# Rail Truck??



## GnTRailroad (Apr 3, 2009)

I bought this rail truck! Seller said it was LGB but it has no markings have also tried to google it to find out more about it. Anyone else have one? Or know something about it? Runs great!

http://cgi.ebay.com/ws/eBayISAPI.dl...0628100844

Thanks,
George


----------



## Larry Green (Jan 2, 2008)

The ebay link will not come up, so I can't see it. But, try googling Delton--they made a nice 4-wheel railtruck about 20/25 years ago. 

Larry


----------



## Greg Elmassian (Jan 3, 2008)

You can try the link, and see the item number 170628100844 

go to ebay and enter the item number and you will see it... I've never seen that as an LGB item... most people selling LGB give the LGB part number. My guess is an LGB motor brick inside a truck. 

Greg


----------



## krs (Feb 29, 2008)

Very nice rail truck but there is nothing even remotely "LGB" on it.
Not the truck and also not the motor block or any other part of that truck.

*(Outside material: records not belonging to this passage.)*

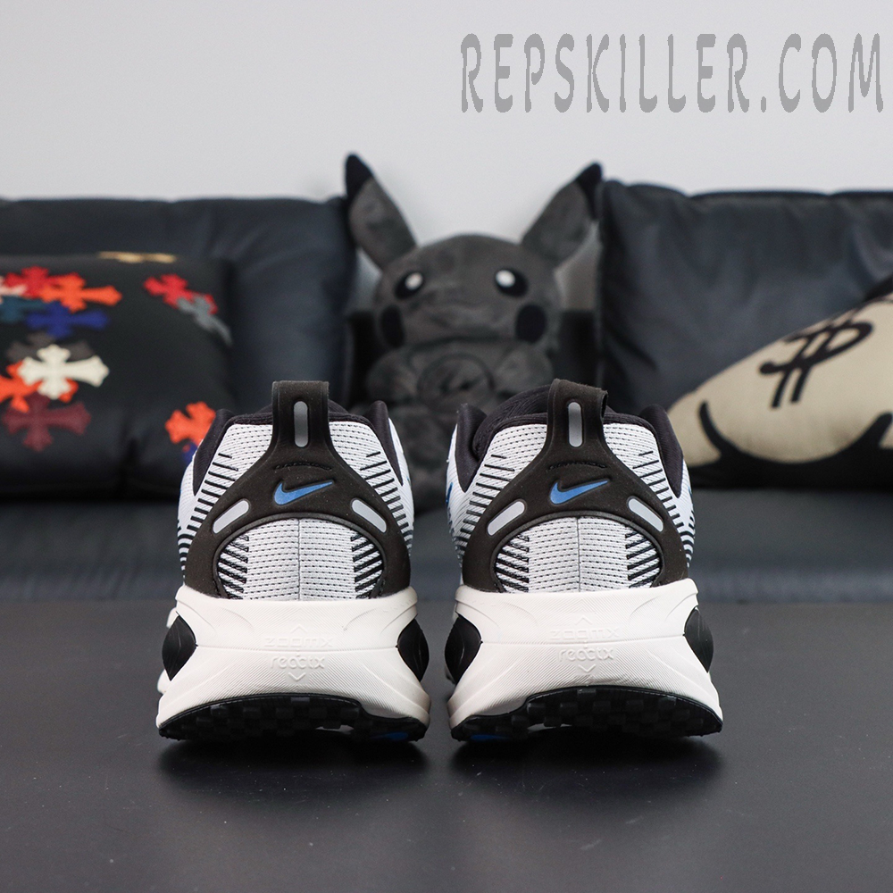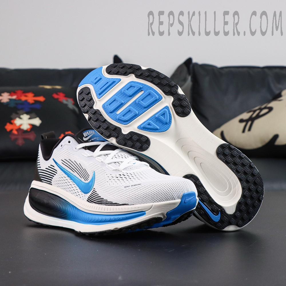The Nike Zoom Vomero 18 ‘White Black Photo Blue’ blends responsive performance with a bold visual aesthetic for runners who demand both function and flair. Featuring a dual-layer engineered mesh upper, the shoe maximizes breathability while maintaining structure. A sculpted ZoomX midsole delivers high-energy return, while the blue-to-black gradient detailing and glossy Swoosh create a dynamic finish. With enhanced heel support and ZoomX foam cushioning, this versatile runner is ideal for long-distance training, tempo efforts, or everyday wear.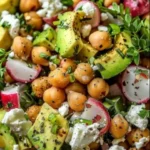 Una vibrante ensalada de garbanzos, feta y aguacate, perfecta para un almuerzo ligero o una cena nutritiva.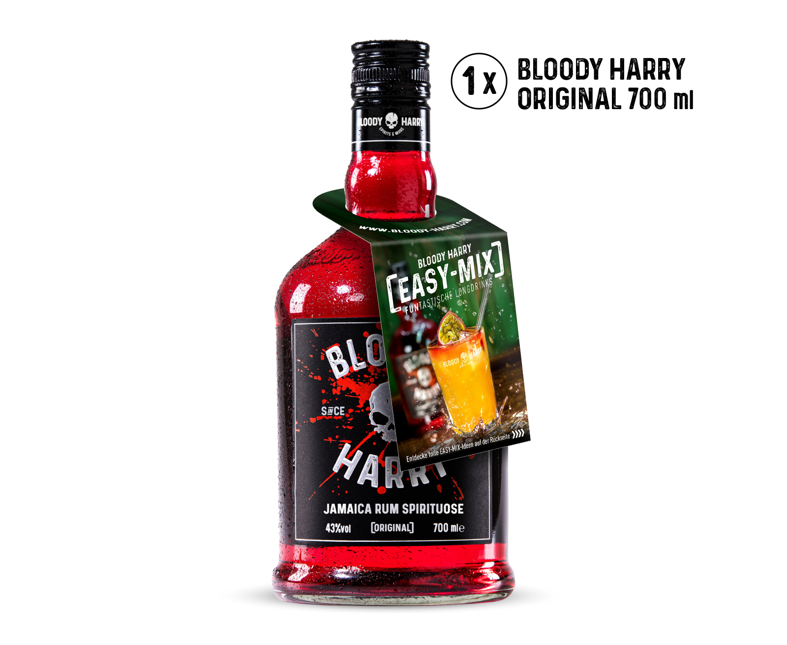 43% vol - Mit 30% Jamaica Rum und 70% Vodka in der BLOODY HARRY Signature-Bottle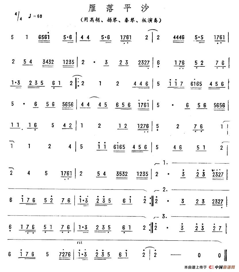 雁落平沙相关五线谱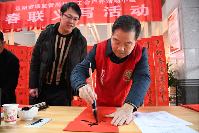 无联不成春,有联春更浓。在新春佳节即将到来之际,为传承中华民族优秀传统文化,营造喜庆热烈、文明祥和的节日氛围,2月5日上午,益阳市市场监管局在办公楼一楼大厅开展春联义写活动。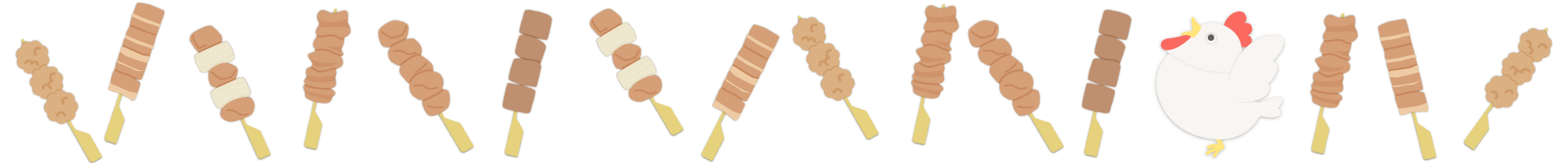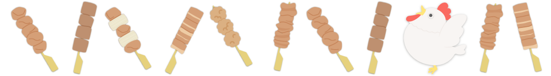 ニワトリとつくね、とりもも、ねぎま、鶏皮などいろんな種類の焼き鳥の飾り枠イラストです。 チラシ、広告やwebの素材、動画の素材やタイトルの周りのあしらいなどご自由にお使いください。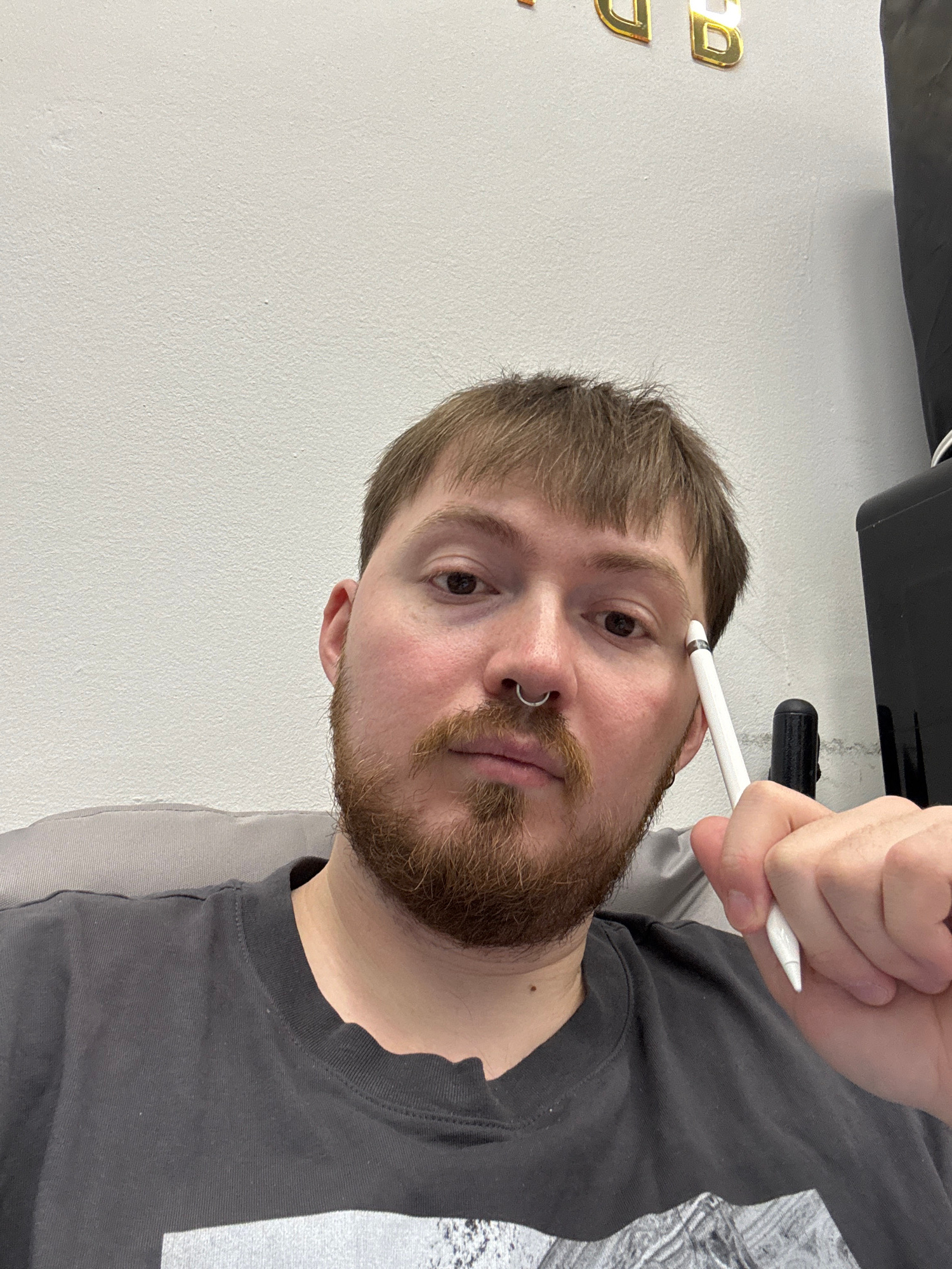 A man with light brown hair, a beard, and a nose ring holds a white stylus near his forehead. He is wearing a gray t-shirt. Behind him is a white wall with gold lettering and a black object. The locat…read more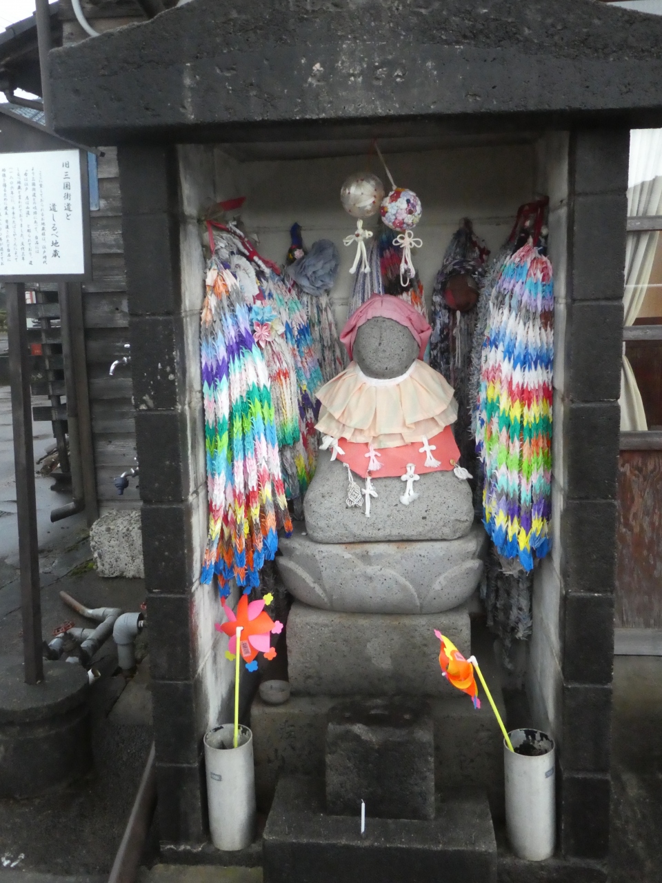 醸造蔵は見学できませんでしたが、店頭でスタッフが説明してくれました。創業は天保二年。180年続く醤油メーカーだそうです。原料は大豆・小麦・塩それに麹だけで、製品になるまで2年余り。店舗の建物は木造ですが、明治か大正といった雰囲気です。こちらのキャラクターであるお地蔵さんが店の前に鎮座されております。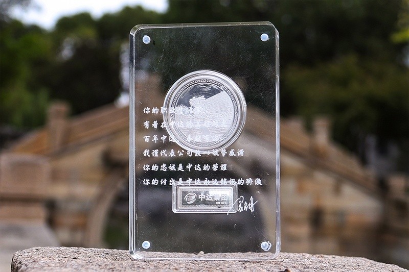 活動的最后,集團(tuán)為每一位到場的老員工頒發(fā)了純銀紀(jì)念章,并與金董合影留念。這塊紀(jì)念章的正面印有中達(dá)集團(tuán)LOGO、退休員工姓名,背面印有中達(dá)集團(tuán)辦公區(qū)的兼善橋。“窮者獨善其身,達(dá)者兼善天下”是中達(dá)所崇慕之“達(dá)道”的含義,中達(dá)的企業(yè)發(fā)展,便是為了回報社會,去善待員工、善待客戶、兼善社會。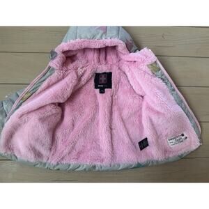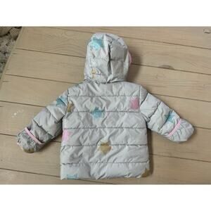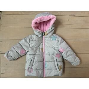 Girl Toddler 18 Month Gray Pink Hood Puffer Winter Coat Glitter Stars Zip Up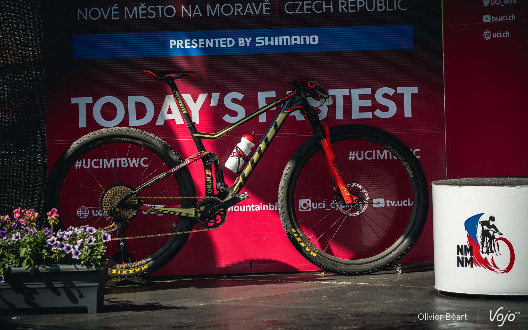Le vélo le plus rapide du jour, un Scott Spark avec une déco spéciale pour fêter les victoires de Nino Schurter.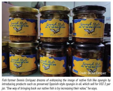 Though the world might see commercial-scale ayungin farms in the future, most of the fish are still sourced wild. Fishers in Lake Sampaloc still pull out a combined total of around 10 kilograms of the silver fish daily. “One way of protecting our native fish is by increasing their value,” says local farmer Dennis Enriquez, who is developing new products to help market the once-popular native fish. “I’m now working on a line of Spanish-style ayungin bottles, which retail for around USD 2.” The preserved fish offer something different from preserved tuna or milkfish and Enriquez hopes they could become a future seafood commodity in the Philippines.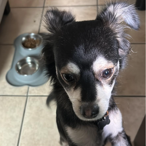 Color negro con Blanco, trae collar con su nombre y informacion con telefono donde comunicarse
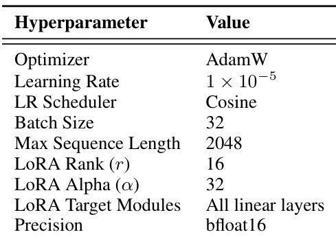 The authors use AdamW as the optimizer with a learning rate of 1×10−5 and a cosine learning rate scheduler. The model is trained with a batch size of 32, a maximum sequence length of 2048, and LoRA parameters set to a rank of 16 and alpha of 32, with all linear layers targeted and bfloat16 precision used.

The closest thing to that truck that LGB made is this:











On the LGB motor block both axles are inside the block and there is a molded LGB logo at the bottom of the motor block housing.

Knut


----------



## East Broad Top (Dec 29, 2007)

Delton, pretty sure of it. 

Later, 

K


----------



## Greg Elmassian (Jan 3, 2008)

The pictures on ebay show no sliders (LGB has them) and the front axle free wheeling (the LGB has both axles powered). 

Regards, Greg


----------



## East Broad Top (Dec 29, 2007)

Definitely Delton: 

http://www.mylargescale.com/Community/Forums/tabid/56/aff/4/aft/112424/afv/topic/Default.aspx 

Later, 

K


----------



## GnTRailroad (Apr 3, 2009)

Thanks for the info I agree with K must be Delton after more research! I did not think it was LGB as Greg said it has no sliders! It is a small truck 1:32 I believe!


----------